Dallas Cowboys cheerleaders get ‘400 percent increase’ in pay after show

Dallas Cowboys cheerleaders get ‘400 percent increase’ in pay after show



The Dallas Cowboys’ cheerleaders scored the win this time.

The second season of Netflix docuseries America’s Sweethearts: Dallas Cowboys Cheerleaders, which was released Wednesday, reveals the women landed a big raise.

“‘Happy’ isn’t even the right word for it. It kind of felt like a relief, like everything had paid off. And finally, we were done fighting.” former cheerleader Jada McLean said.

Judy Trammell and Kelli Finglass pose with the Dallas Cowboys cheerleaders in May.

Jason Mendez/Getty for Netflix


In season 1, the women talked about their need to work other jobs during their physically demanding and time-consuming tenure on the team, which includes hours of mandatory practices, games, and other appearances.

In the seventh and final episode of this season, Megan McElaney, who’s a fourth-year veteran, explained what had gone down after some of the women approached the organization’s leadership early in the season.

“Our efforts were heard, and they wanted to give us a raise,” the cheerleader from Oceanside, Calif., said. “And we ended up getting a 400 percent increase, which is, like, life-changing.”

Members of the team have lobbied for a pay hike for years. In a 2018 unfair pay lawsuit, former cheerleader Erica Wilkins claimed that she received approximately $7 per hour, no overtime pay, and a flat rate of $200 for each game appearance.
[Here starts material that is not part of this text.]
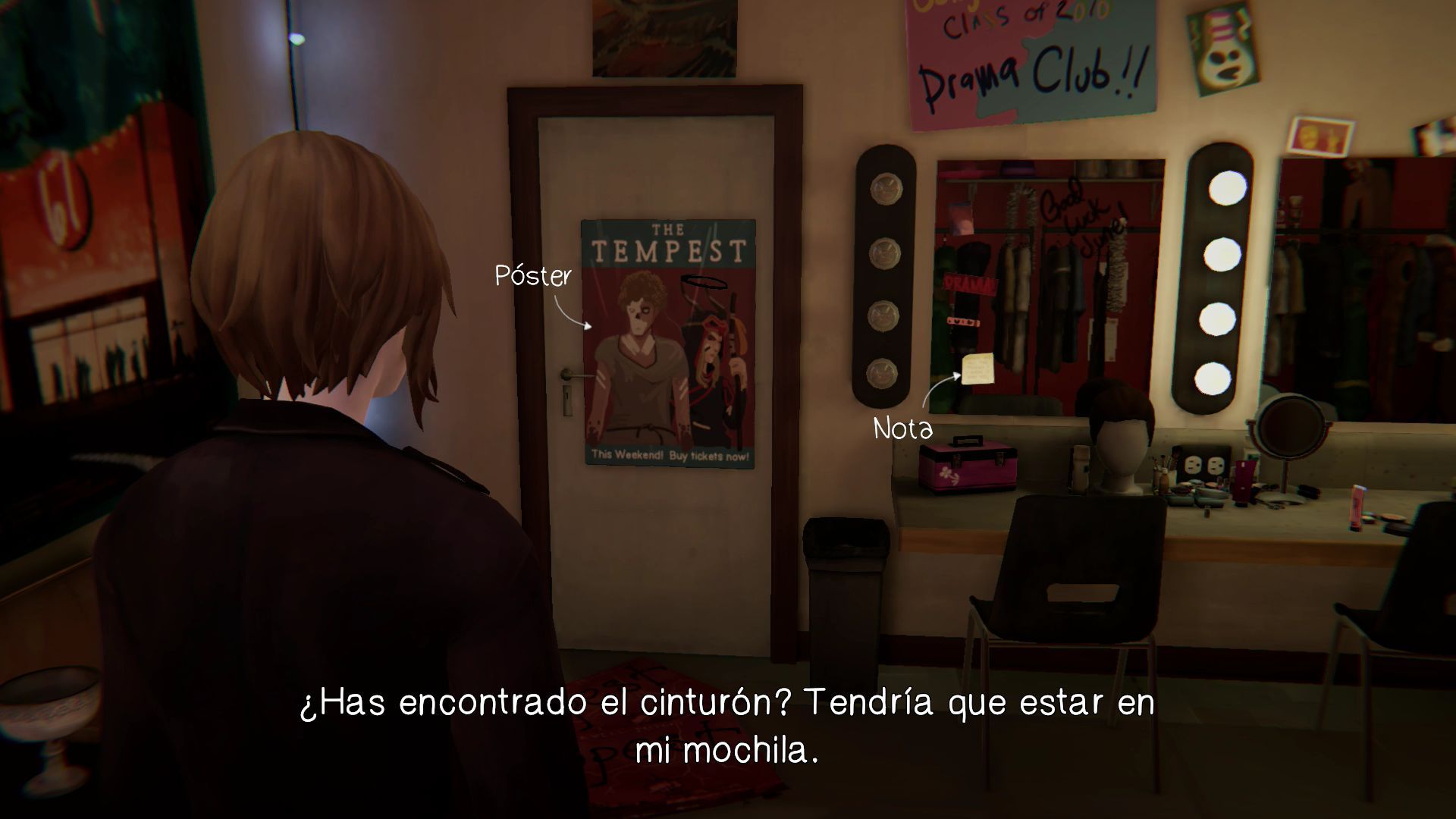 Ya dentro del instituto espera a que Rachel te pida que le lleves el cinturón que hay en su mochila. Cuando llegues a los camerinos examina el poster que verás en una puerta.

In 2019, after Wilkins settled the lawsuit with the team, the cheerleaders received $400 per game, according to the Associated Press.

Forbes magazine named the Cowboys 2024’s most valuable NFL team for the ninth year in a row, at $10.1 billion, in a list released that August.

America’s Sweethearts follows the women, as well as their coach Kelli Finglass (her official title is senior director) and Judy Trammell, their head choreographer, through grueling tryouts and extensive preparation for games.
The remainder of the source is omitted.